The JIT or AOT compilation step is necessary because modern hardware is general purpose and won’t execute popular language bytecode formats natively. Blocking direct execution of compiled code is also necessary since the OS must run sources itself through known-memory-safe language compilers or interpreters to ensure memory corruption cannot occur in the resulting executables.


The problem more broadly is that the fewer constraints applied to outside-controlled inputs such as executable code by third-party developers, the fewer assumptions that can be made by the environment into which it is loaded. When basic assumptions like memory safety cannot be made the environment must compensate with runtime checks or risk compromise.

This is why designers of environments like language VMs or OSes must be careful about relaxing constraints on the “apps” or “languages” running on top. Some platform’s like Apple’s iOS have done respectable jobs of this.

An Alternative

How would a system that solves this work? The compilers and interpreters would need to be fixed and trusted; allowing arbitrary ones would allow compiling or interpreting languages lacking memory safety, circumventing the protection. There would also need to be environment primitives that can be written without such guarentees, to allow bootstrapping the environment and providing the low-level building blocks.

The user would download an “app”, a bundle of language source files, and execute it. The OS would then detect that it is a new “app” and compile it to machine code, probably caching the results somewhere. That cache has to be internal to the environment and not accessible by the user, as it is caching raw executables which, if modified and then reexecuted, can bypass memory safety.

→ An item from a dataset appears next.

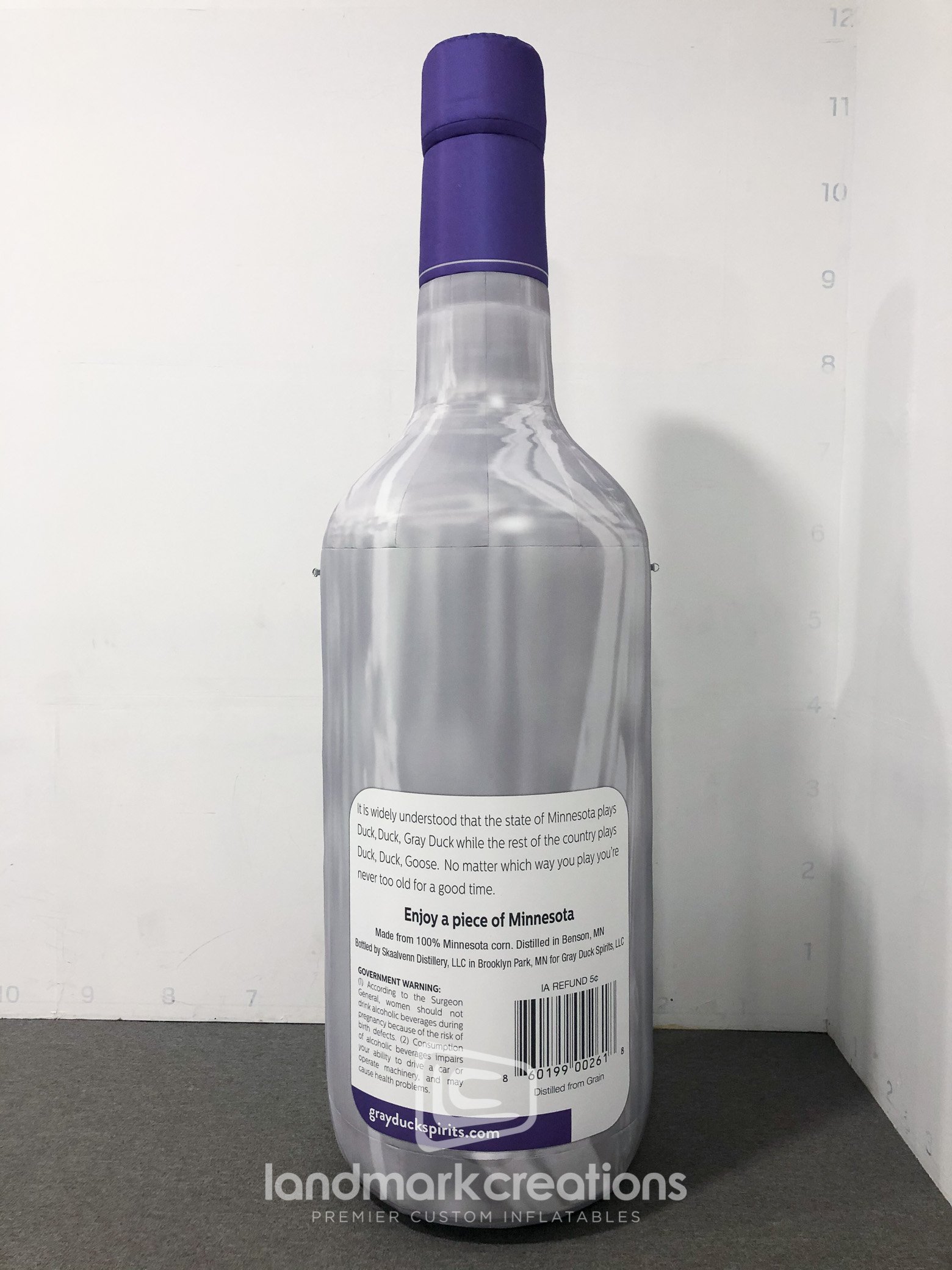 Minnesota-based Gray Duck reinforces branding at retail events & concerts with a giant inflatable replica of its Gray Duck vodka bottle.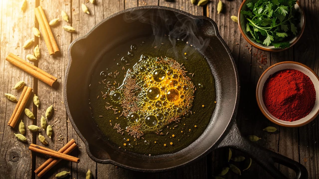 This is the single most important window, and the one most home cooks skip. Your pan is hot, your oil or butter is shimmering, and you add aromatics and whole spices. This is where blooming happens.

These compilers probably wouldn’t be for high-level languages like Rust, but could be. It seems more likely that languages would target memory-safe intermediate languages formats like WebAssembly or JVM bytecode, for which a compiler or interpreter would exist in the OS.

It could be argued that this approach violates the security-in-layers approach of security engineering. If a bug were found in Rust’s borrow checker that allowed bypassing safe mode, it would be game over. (Let’s assume a Rust compiler in this environment would only load apps whose Rust sources banned unsafe code and whitelisted standard libraries that had unsafe implementations.) Perhaps the aforementioned runtime checks are still necessary for that reason: the memory safety of the environment becomes the weakest link of all memory-safe language compilers supported by the environment. Most environments would probably keep their amount of compilers small and auditable. Many might even opt for just one immediate language and support no others.


We just basically described a web browser executing WebAssembly, but with the hypothetical modification in that the browser is now implemented on the “bare metal” and bypassing existing OS and CPU protections directly. Gary Bernhardt made a “haha, only serious” contribution to this topic regarding JavaScript in his excellent “The Birth and Death of JavaScript” talk many years ago.